Retailers commonly advertise promotions, sales, discounts, and deals for products offered for sale in physical retail stores. Such advertisements come in a variety of forms from weekly print ads, weekly online ads, displays within the store, etc. Such online ads or product displays are presented to large groups of consumers who interact with the advertisement. As such, conventional ways of promoting the sale of products in physical retail stores are inefficient because they blindly present such advertisements without tailoring such promotions to the needs or desires of any one specific consumer. Moreover, the inherent practical limitations of such conventional means of advertising prevent such consumer-specific tailoring.
Furthermore, retailers commonly offer tens of thousands of products for sale to the consumers in stores.
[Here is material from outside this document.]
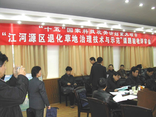 西北高原生物研究所主持,与青海省畜牧兽医科学院、青海省果洛藏族自治州农牧局、青海省果洛藏族自治州草原站共同完成的国家“十五”科技攻关计划重大课题“江河源区退化草地治理技术与示范”进行了验收。

To offer such a substantial amount of products, retailers require stores of considerable size. With stores of such considerable size, consumers who are physically present in the store commonly overlook products of specific interest to them that may have promotions. For example, a promoted product of specific interest to the consumer may be located at an opposing end of the store where the consumer had no intention of approaching. Unless the consumer was to manually investigate every store aisle, one by one, the consumer would have no idea that such product of interest was subject to a promotion. Moreover, consumers may not know that they even need such products of interest and may be unaware of the location of such promoted product of interest in the store. Accordingly, conventional techniques of advertising within the physical store cause a loss of potential sales because the consumer is not made aware, on an individual basis, of the identity, location and promotions available to products of interest to the specific consumer.
The present invention is aimed at least one or more of the problems identified above.